Just poking my head in to say hi! The excitement of the day is L's Grade IV Cecchetti exam. She and her friends have been working all year to get ready for it, and today is the big day!
No great thoughts roaming around the vast emptiness of my cranium these days, but I'm lonely for Small Dog, so I wanted to post something. I had an opportunity to substitute teach L's literature class on Friday, which was a gas. I love the literature, although I'm woefully undereducated to take on teaching literature regularly. I am, however, considering and being considered for the illustrious position of High School Physics teacher next year. The government would say I am also woefully undereducated for that position too, but I feel pretty confident I could do that. I had four terms of physics at the University of Michigan back in my youth, and I think it will all come back to me once I begin to plumb the depths of this high school physics book.
Oh what is wrong with me??? That's all I got! When, o when, have I ever had so little to say about nothing? I can usually come up with at least 1000 words before I even get to any semblance of a point. I'm losing my touch, I tell you!
I'll go take my vitamins and have more later!
It's later now. L and her friends successfully navigated their exam and are still basking in the glow. Woo hoo! Good for them.
T will come back from Colorado tonight. R spent the day with his old friend and I'll pick him up after the MSU game. B decided to stay in Ann Arbor this summer, work at Ceva and participate in a Leadership Training program her Christian fellowship is offering. D made it to Florida for Crusade's winter retreat at PCB, driving through a stormy night apparently. So all's well.
Here's my mindless dilemma. I love my Small Dog blog, but I'm finding more to say in my Happy Moments blog, which has a pathetically stale and stupid name (but a very pretty background). That explains why I'm blathering about nothing today here. When I'm committed to writing in Happy Moments every day, no matter how briefly, it gets all the good stuff.
So somehow I need to find Small Dog a more defined purpose. It started out as a receptacle for larger, more prodigious thoughts, but sadly, those are in short supply these days. What to do?
So, I closed up shop here with that question, What to do? And went about my business. It came to me that if I'm committed to selecting the happy moment of the day and recording it in the Happy Moment blog, I wonder what would happen if I committed to choosing a verse for the day and recording it in Small Dog. I may have to call out the snooze patrol, but what will it hurt for one month? Just a one month trial. Let's do it!

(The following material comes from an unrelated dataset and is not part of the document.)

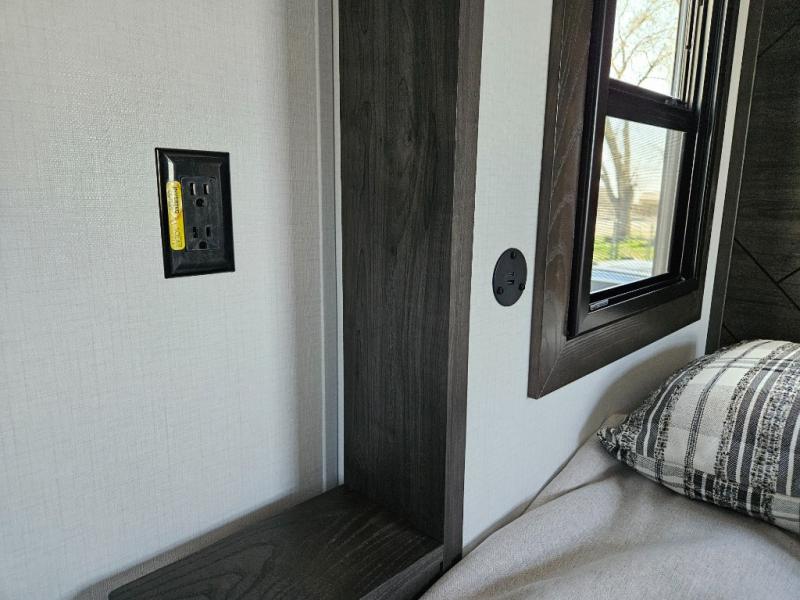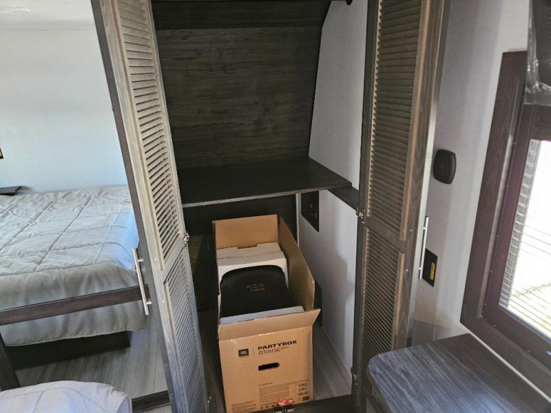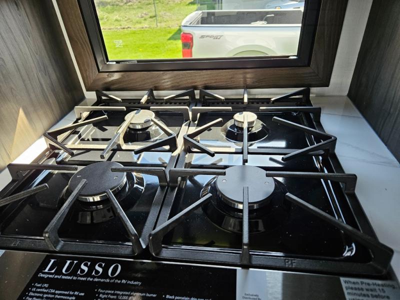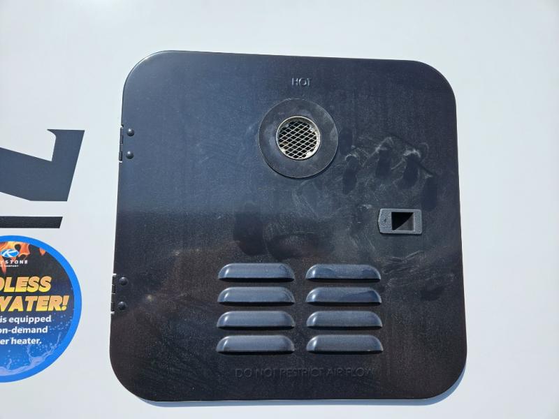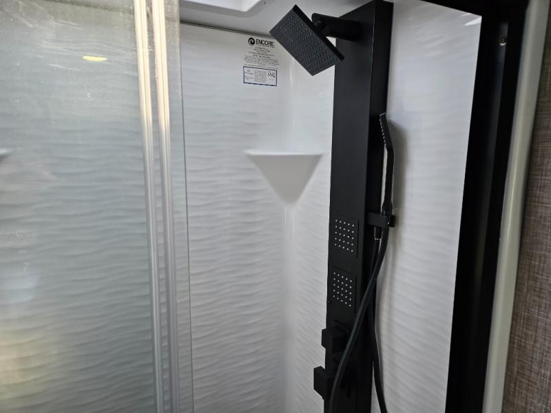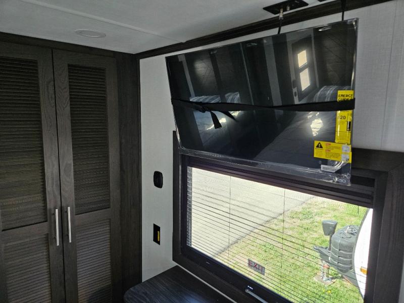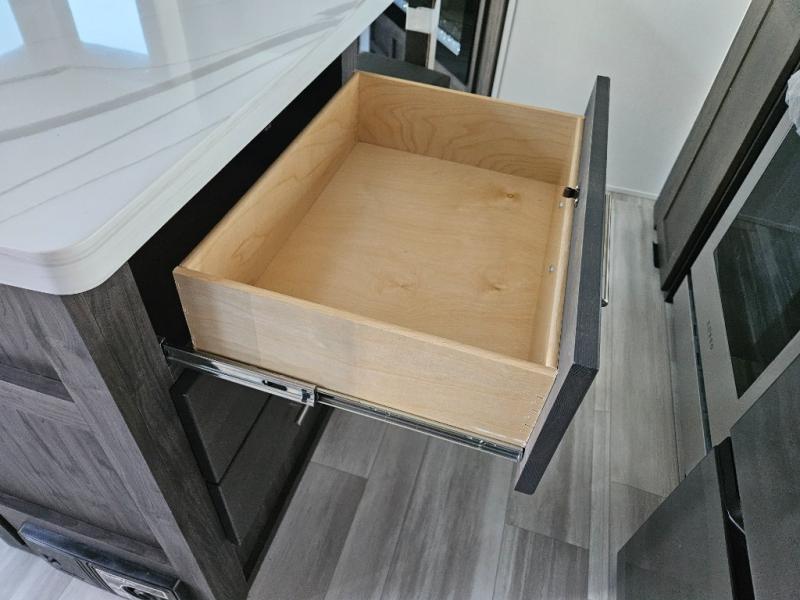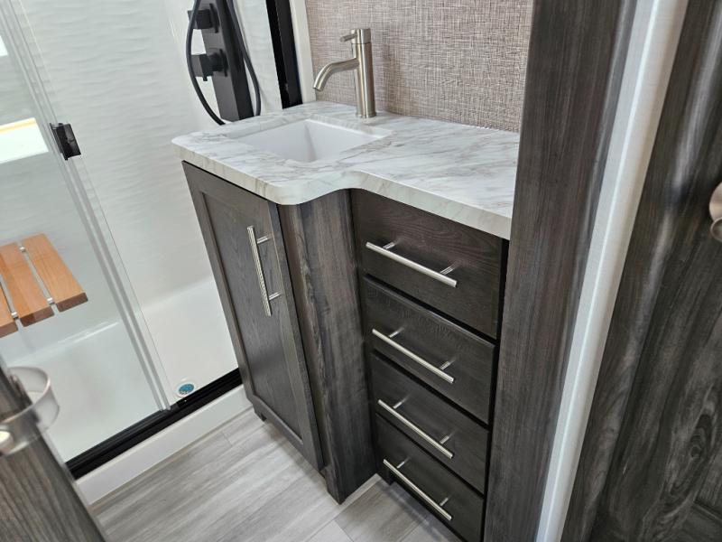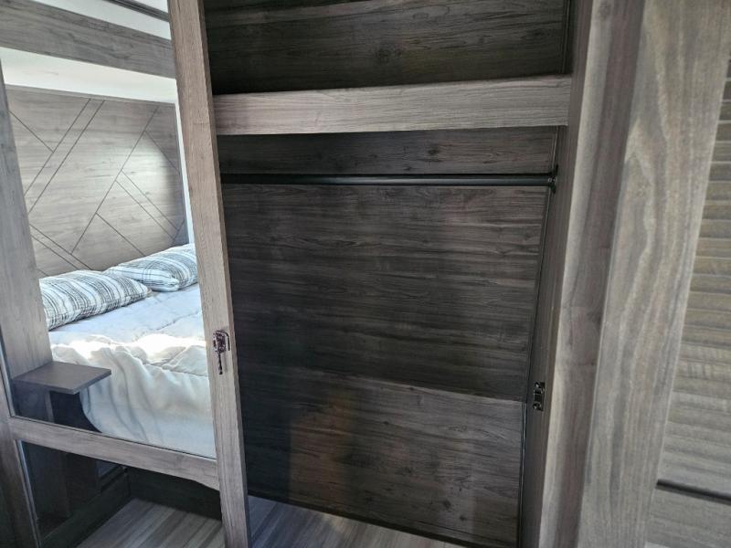 Don't leave your favorite off-road toys behind, simply load them up with the 8' MORryde powered ramp door into the 11' garage area of this toy hauler! The garage area isn't just for your toys, it's for eating, sleeping, and entertaining too with dual opposing sofas with a queen bed above them, a loft with a bunk mat, an LED TV, and even a half bathroom for your convenience. The residential four person sofa slide comes with heat, massage, and 110V/USB ports for an ultimate relaxing evening across from the entertainment center with pantries on either side to store your snacks. The kitchen island table has swing-out stools for you to enjoy a cup of coffee at in the mornings and the dual entry bathroom has a residential shower with a seat to freshen up. It even leads directly into the front private bedroom which has a Fuzion king bed slide across from a dresser with an LED TV and a front master closet with washer and dryer prep!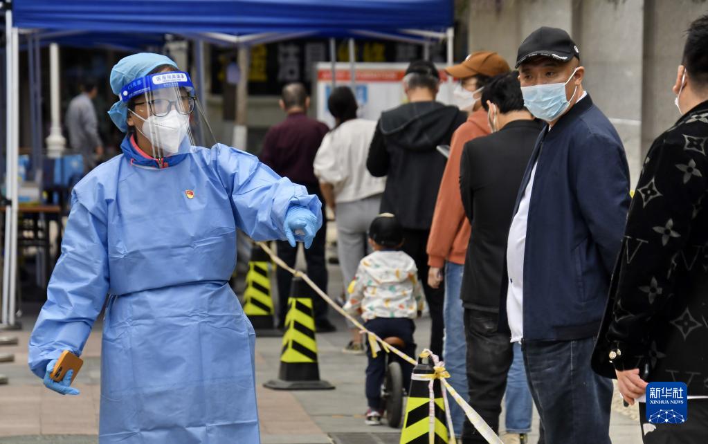共產黨員、北京八里莊街道機關干部張茜(左)在核酸篩查現場進行秩序維護(2022年5月11日攝)。新華社記者 李欣 攝

The verse for today came from Hosea 14:4 (KJV):
I will heal their backsliding,
I will love them freely:
for mine anger is turned away from him.
Oh Lord, will You heal my backsliding? Do You love me freely? You do. I know You do. How my life would change if I could believe that entirely. I want to live in Your love!
Good thing we still have the King James Version around! I read the verse initially this afternoon in my Charles Spurgeon devotional, and clearly he used the KJV. The NASB and the ESV both use the arcane and heartless word, "apostasy" for "backsliding." Let me tell you, I know backsliding. The word "apostasy" leaves me muddled in my head (more muddled than usual, that is). I always thought apostasy was reserved for rebellious Catholics, so the whole verse would have left me cold if I'd read it out of my Bible.
So today I am encouraged to approach His throne of grace with confidence, because He will heal my backsliding and love me freely.
That wasn't too bad for a first step in Small Dog's new direction, now was it?